For this reason, we strongly advocate, wholeheartedly that funding bodies, academic societies, research journals and individual researchers act now to make digitally-archiving research data in appropriate freely-accessible databases a 'normal' part of the publication process.




Ross Mounce (University of Bath), Aodhán Butler (Uppsala University), Katie Davis (NHM), Alex Dunhill (University of Bristol), Russell Garwood (Imperial College London), James Lamsdell (University of Kansas), David Legg (Imperial College London), Graeme Lloyd (NHM), Michael Pittman (UCL), Rachel Warnock (University of Bristol), Jo Wolfe (Yale University)

Add your name to the list in support of our statement



1. When using the term 'research data' we embrace a wide definition encompassing every form of data that is digitised and analysed as the basis of a research publication. In the specific context of palaeontology this includes stratigraphic occurences, nomenclatural statements and taxonomic data (we note that the palaeontological community commonly digitally-archives these data on PaleoDB, albeit voluntarily); photographic images (that can be digitally-archived in colour, and in better quality than the paper/pdf publication version); phylogenetic data including, character-by-taxon matrices, cladograms (trees), and associated statistics; specimen measurement data; CT scanning and other non-photographic imaging data and many more...

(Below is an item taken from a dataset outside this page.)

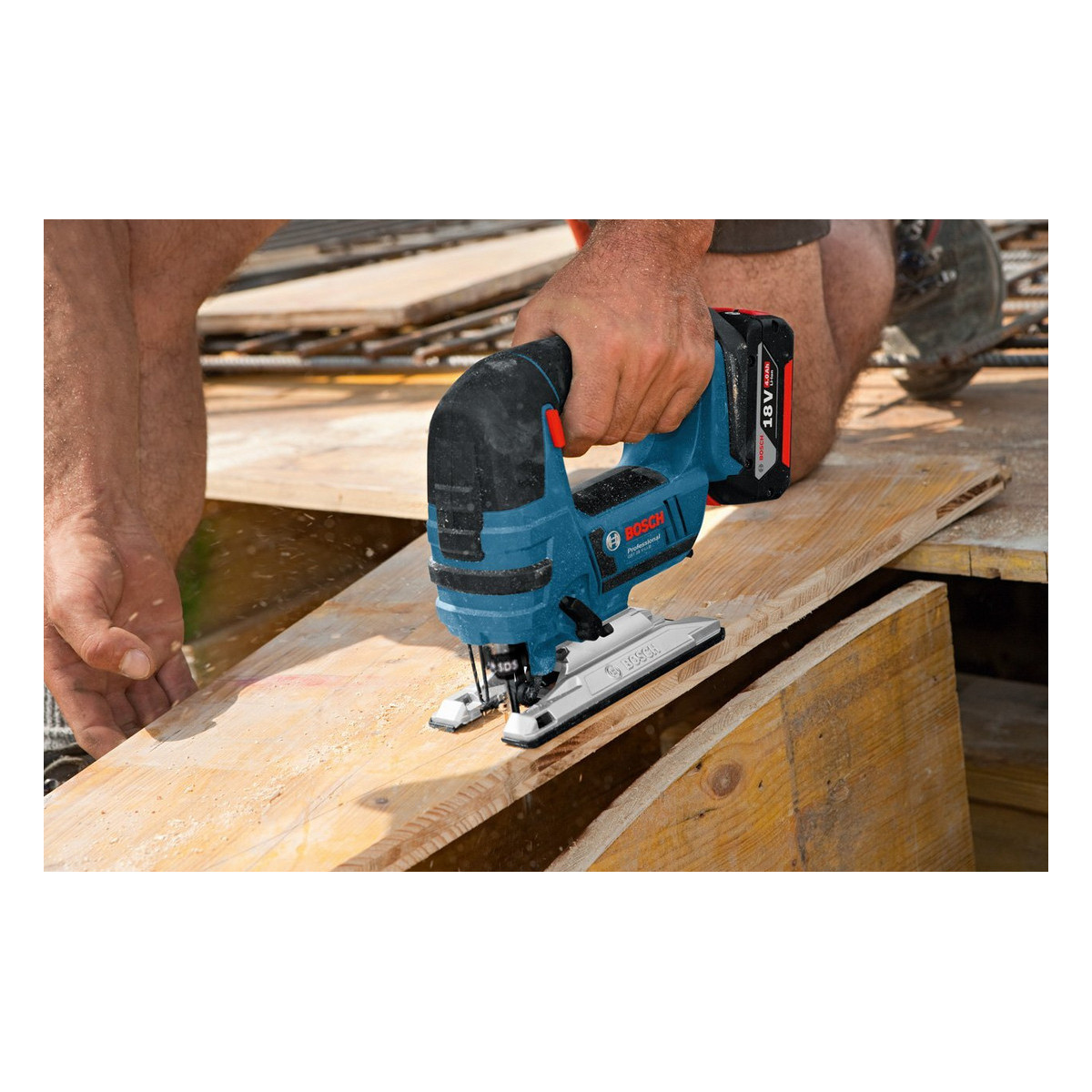 Bosch GST 18 V-Li B. Colore del prodotto: Nero, Blu, Bevel capacity (max): 45°. Capacità massima di taglio nel legno: 12 cm, profondità del taglio nell'alluminio: 2 cm, profondità del taglio nell'acciaio non legato: 8 mm. Alimentazione: Batteria, Tecnologia batteria: Ioni di Litio, Capacità della batteria: 4 Ah. Peso: 2,4 kg. peso del colpo: 2,3 cm, Numero di corse a vuoto: 2700 spm (fogli per minuto)

2. Few, if any, technical barriers exist that could restrict the digital archiving of ALL palaeo-research data. Often desired data is very small, typically just kb's for specimen measurements and phylogenetic data. In the case of photographic images, it can be larger, requiring MB's, but even so, the cost of hard-disk storage space is so low these days that large-scale archiving of these is a simple matter. Even for much larger data forms such as CT scans that can be many GB's, the use of digitally-aware technology such as peer-to-peer file sharing, as practised by BioTorrents, fully-enables such data to be freely shared by distributing the load

3. To fully-enable Reproducible Research we need to look 'beyond the PDF' and archive data instead in its 'natural' digital formats e.g. 'Hennig', Nexus, NeXML and PhyloXML formats are appropriate for phylogenetic data matrices; Newick format is appropriate for cladogram topology data; spreadsheet files or simpler, tab-delimited or comma-seperated value (.csv) plain-text formats are appropriate for specimen measurement data; photographic images should be archived in full-colour, high-resolution, non-proprietary formats so that those who do not have physical access to the specimen can still see a fair degree of detail. Indeed, we should also bear in mind that the wider tax-paying non-scientist community may also wish to see these photos (and other data), that in many cases they have arguably paid for via tax-raised money channelled into government funding bodies [see for more]. By archiving our data online, we can proudly demonstrate real output from the work we've been doing.

4. We note that several funding bodies, already explicitly suggest that data output from their funded projects should be made publicly and freely accessible e.g. :
NSF - "Grantees are expected to encourage and facilitate such [data] sharing"
NIH - "NIH believes that data sharing is essential"
BBSRC - "BBSRC is committed to getting the best value for the funds we invest and believes that making research data more readily available will reinforce open scientific enquiry and stimulate new investigations and analyses "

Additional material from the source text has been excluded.